En la media Carla conoció a un niño de otro curso que era como ella, pero cuando el papá del niño se enteró de su relación, le pegó un combo en el hocico a Carla y le gritó "maricón culiao" en pleno acto de Fiestas patrias. Me la encontré llorando en el baño, y se negó rotundamente a salir a bailar, pese a que había ensayado la coreografía día y noche, y había ahorrado dos meses para comprarse el vestido de china. 

A los dieciséis mis papás me prohibieron que hablara con ella porque era "maricón", "daba asco" y "de seguro tiene SIDA". Igual seguimos saliendo a escondidas hasta que un día mi mamá nos pilló escuchando música atrás de un kiosco en el centro y me castigó por dos meses. Carla dijo que mejor no nos hablásemos más porque no quería darme más atados. No lloró cuando me lo dijo, pero yo sé que después lloró todo un mes a escondidas en su pieza. Lo sé porque la vi por la ventana. Yo igual lloré. Era mi mejor amiga de toda la vida. 
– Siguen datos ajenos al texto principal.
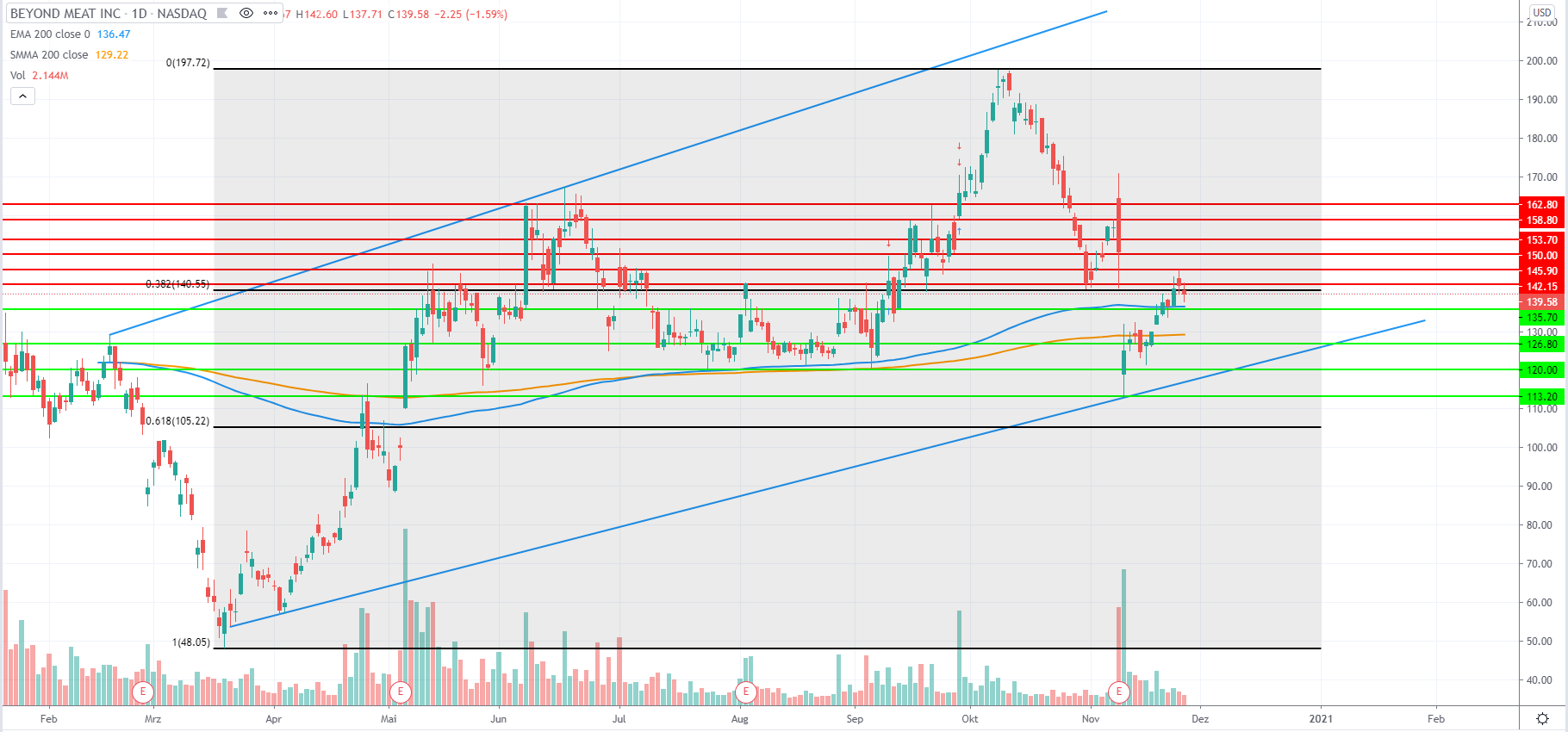 Am 09.11.2020 wurden zuletzt Quartalsergebnisse von Beyond Meat veröffentlicht. EPS und Umsatz fiel beides schlechter aus als erwartet. Zusätzlich gab McDonald’s bekannt, dass sie ihren eigenen fleischlosen Burger (“McPlant”) 2021 in ihr Angebot aufnehmen werden. Zunächst wurde Beyond Meat nicht als einer der Produzenten für den Burger genannt.

Una tarde de verano la echaron de la casa cuando se le ocurrió decir: "mamá, papá, me gustan los niños". Su madre lloró mientras su papá tiraba sus cosas a la calle. Por la ventana volaron poleras, revistas Miss 17, discos y joyitas tan frágiles como la masculinidad del hombre de la casa. Carla corría con lágrimas en los ojos tratando de agarrar con sus manos ya llenas, las pocas pertenencias que le quedaban. Su mamá trató de ayudarla a recoger algunas pilchas, pero el hombre le dijo "tocas algo y te vas con él". Agarró a la señora del brazo, la tiró para adentro de la casa y tras decir "tú no eres hijo mío", pegó un portazo. 

Todo el vecindario salió a mirar el espectáculo. La calle se llenó de viejas copuchentas con cabros chicos y viejos guatones pasados a axila. La mayoría tenían algo para decir, pero nada bueno salió de ninguno de ellos. Me asomé a la puerta y corrí al frente a ayudar a mi amiga a recoger sus cosas, pero ella me detuvo con un solo movimiento de mano y dijo "No. No te metas". Me dio rabia, debo admitir, pero tiempo después entendí que lo hacía para protegerme de mis padres y del resto de la gente. Ella debía irse, pero yo no.

No miró a nadie mientras se hacía paso entre los vecinos, pero se detuvo frente a mí, me tomó las manos y mirándome a los ojos susurró: "Gracias. Te quiero. Cuídate." La vi alejarse con la frente en alto, los ojos rojos y sus cosas en bolsas de supermercado.

Al día siguiente aparecieron en la basura el resto de sus cosas y todas las fotos familiares donde aparecía. Me robé todas las fotos.

A Carla la mataron un grupo de skinheads en el parque forestal. Por lo que dijeron en las noticias fue en la noche, por una supuesta pelea. Yo sé que no hubo ninguna riña, porque a Carla le cargaba discutir con la gente. Lo más seguro es que haya estado fumando un pucho con amigos y a los pelados les molestaron sus pelucas largas, sus pestañas postizas y sus tacones de diez centímetros.

A cuatro años de su asesinato aún no hay justicia. Para las autoridades no fue "una persona muerta", sino "un maricón muerto", y ¿a quién le importan los maricones? Ninguna ley Zamudio puede devolver el orgullo a aquellos que se les arrebató desde la más tierna infancia, y aún así lucharon por vivir entre el odio, la pobreza y la marginalidad. 

Al final la única dignidad que queda es la de luchar por recuperarla, cueste lo que cueste.

Las fotografías y un par de discos de Britney son lo único que me queda para saber que tuve una mejor amiga de infancia, que fue real y maravillosa, y cuyo único delito en esta vida fue haber nacido Carlos.